EdX launches new high school initiative

In a new initiative for edX, last Tuesday, the online platform spearheaded by MIT and Harvard launched 26 new courses aimed at high school students, according to The Boston Globe.

The new subjects offered include English, computer science, algebra, calculus, and several Advanced Placement (AP) courses, such as AP Environmental Science and AP Biology. According to edX, fourteen institutions were involved in developing these courses, including MIT, Rice, the University of California Berkeley, Georgetown, and public high schools such as Weston Public High School.

As a MOOC provider founded by MIT and Harvard, edX previously offered courses geared primarily towards university-level students.
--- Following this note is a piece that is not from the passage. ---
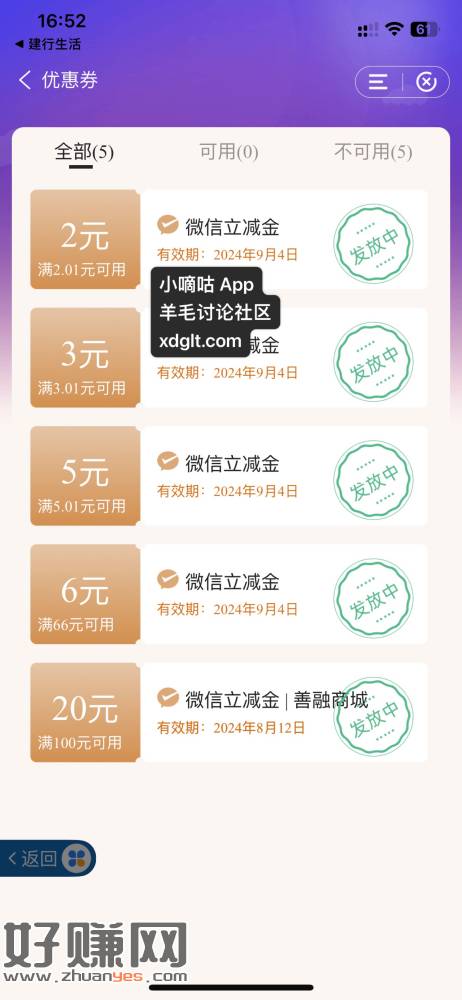 建行生活,主页,我的,拉到最下面,最低0.99抽36元微信立减金。

The new courses were partly prompted by a 2013 survey in which 90 percent of users displayed interest in entry-level college courses. The pivot was also motivated by the fact that 150,000 of the 3 million users on the edX platform are high-school students.

According to edX CEO Anant Agarwal, a professor in electrical engineering and computer science at MIT, the high school initiative will address the “gap between college eligibility and preparedness.”

The 26 courses were selected from a pool of 75 courses proposed by 22 institutions. Currently 22 high school courses are open, and the remaining four will open within the next few months.

All of the new courses are offered free of charge but require a fee to obtain a verified certificate. These verified certificates provide proof of the course completion for job and college applications.